## [WORK TO BE COMPLETED]
Word for word, output every line of the material below, minus pictures.

## [DATASET EXCERPT]
▼

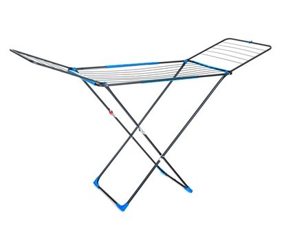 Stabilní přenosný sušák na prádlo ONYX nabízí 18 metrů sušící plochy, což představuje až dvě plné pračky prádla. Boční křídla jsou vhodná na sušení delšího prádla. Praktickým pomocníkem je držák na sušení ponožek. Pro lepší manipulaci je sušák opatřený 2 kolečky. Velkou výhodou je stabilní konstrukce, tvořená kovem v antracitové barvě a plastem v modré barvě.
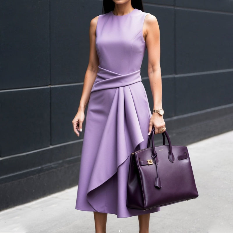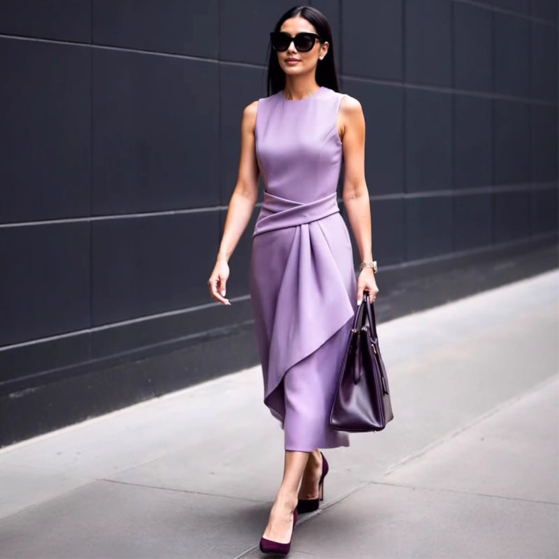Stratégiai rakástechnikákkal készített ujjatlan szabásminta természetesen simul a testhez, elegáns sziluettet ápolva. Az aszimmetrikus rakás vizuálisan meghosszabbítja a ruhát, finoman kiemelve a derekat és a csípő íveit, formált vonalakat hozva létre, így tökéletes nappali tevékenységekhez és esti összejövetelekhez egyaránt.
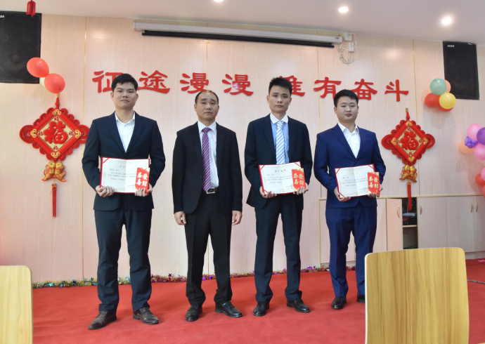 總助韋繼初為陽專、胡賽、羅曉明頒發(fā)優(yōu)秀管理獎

▲

## [REPLY]
 Stabilní přenosný sušák na prádlo ONYX nabízí 18 metrů sušící plochy, což představuje až dvě plné pračky prádla. Boční křídla jsou vhodná na sušení delšího prádla. Praktickým pomocníkem je držák na sušení ponožek. Pro lepší manipulaci je sušák opatřený 2 kolečky. Velkou výhodou je stabilní konstrukce, tvořená kovem v antracitové barvě a plastem v modré barvě.
Stratégiai rakástechnikákkal készített ujjatlan szabásminta természetesen simul a testhez, elegáns sziluettet ápolva. Az aszimmetrikus rakás vizuálisan meghosszabbítja a ruhát, finoman kiemelve a derekat és a csípő íveit, formált vonalakat hozva létre, így tökéletes nappali tevékenységekhez és esti összejövetelekhez egyaránt.
 總助韋繼初為陽專、胡賽、羅曉明頒發(fā)優(yōu)秀管理獎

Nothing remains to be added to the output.